Robert Halfon has written to the chancellor of the exchequer Philip Hammond, asking him to “look very carefully at the core level of funding for students in FE, as opposed to targeted announcements”.

Although he welcomes the additional £500 million per year for T levels and £80 million for Institutes of Technology, he states that evidence the committee has heard so far as part of its inquiry into education funding shows a “stark disparity” between funding pre-16 and 16 to 19 education funding.

Mr Halfon writes: “It cannot be right that a funding ‘dip’ exists for students between the ages of 16 and 18, only to rise again in higher education. Successive governments have failed to give further education the recognition it deserves for the role it pays in our national productivity puzzle.”

He adds: “Further education plays a vital role in tackling social injustice and providing an educational ladder of opportunity.

“One in three college students live in the most disadvantaged wards in the country, yet they manage to outperform independent schools when it comes to next steps. 87 per cent of college students are in education, training or work six months after finishing their course, compared to 82 per cent from independent schools.”

The letter quotes Dr Alison Birkinshaw from the Association of Colleges, who spoke to the committee last week and said: “We have to work back from what this country needs, we have to do our work in envisioning what an education system should look like post-16, including adult, and then we have to work […] what it will cost to fund it.

Spending has fallen per college student

“Politics needs to come out of it because we cannot afford the short-termism that we get currently.”

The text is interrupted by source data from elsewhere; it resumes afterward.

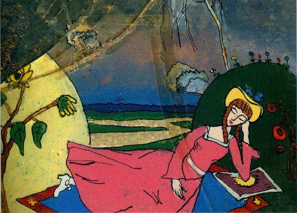 Нина Кандинская. Спящая женщина. По рисунку В. Кандинского. 1918. Стекло, масло, фольга. ГМИИ им. А.С. Пушкина.
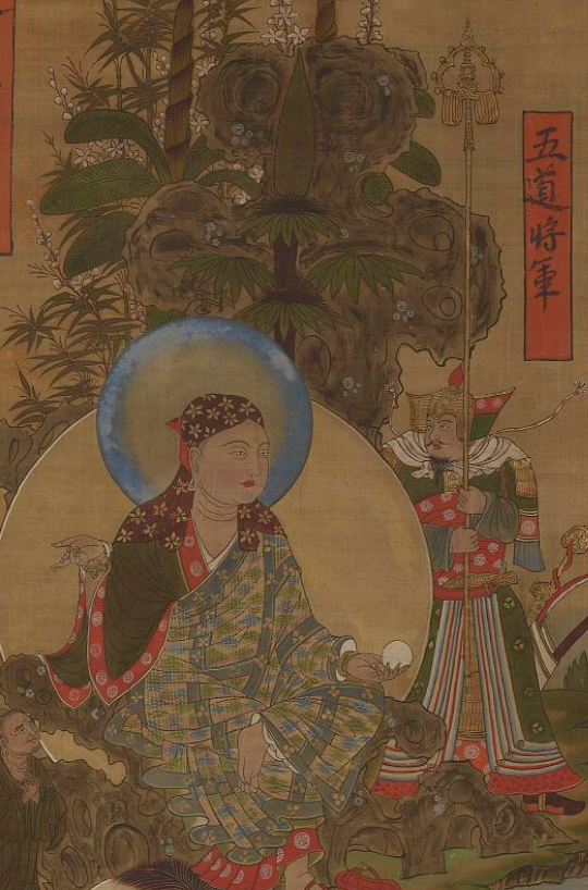 地藏信仰興起之後,五道大神或者五道將軍作爲地藏菩薩的侍從出現在佛教美術中。最爲典型的就是美國華盛頓弗利爾美術館(Freer Gallery of Art)保存的敦煌絹畫披帽地藏圖(編號F1935.11)。這是原清葉昌熾舊藏的于闐金玉公主供養《地藏菩薩像》。地藏頭被風帽,手拿寶珠,其右側有一將軍,手持長矛,腰帶弓箭,榜題“五道將軍”。這時候的五道大神或者五道將軍,依然是武士裝扮,而且腰帶弓箭,跟犍陀羅浮雕中的賁識有類似的地方。更重要的是,他手持長矛的形象,跟北魏樊奴子造像碑上手持長矛的五道大神形象如出一轍。
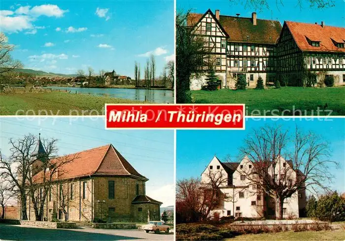 Mihla Partie an der Werra Kirche Rotes Schloss Graues Schloss Mihla postalisch nicht gelaufen nach 1965 Erhaltung siehe scans [FriedD77] Frierer

The letter also cites a recent report by the Institute for Fiscal Studies that shows spending per student in FE and sixth-form colleges is now about 8 per cent lower than spending per pupil in secondary school, while at the start of the 1990s, it was 50 per cent higher than in schools.

Overall spending per student in FE has also fallen by around 12 per cent in real terms since 2010.

The committee has also now invited the chief secretary to the Treasury Liz Truss to appear before them to discuss the issue of FE funding.

The intervention comes on the first day of Colleges Week - an initiative as part of the #LoveOurColleges campaign for better FE funding.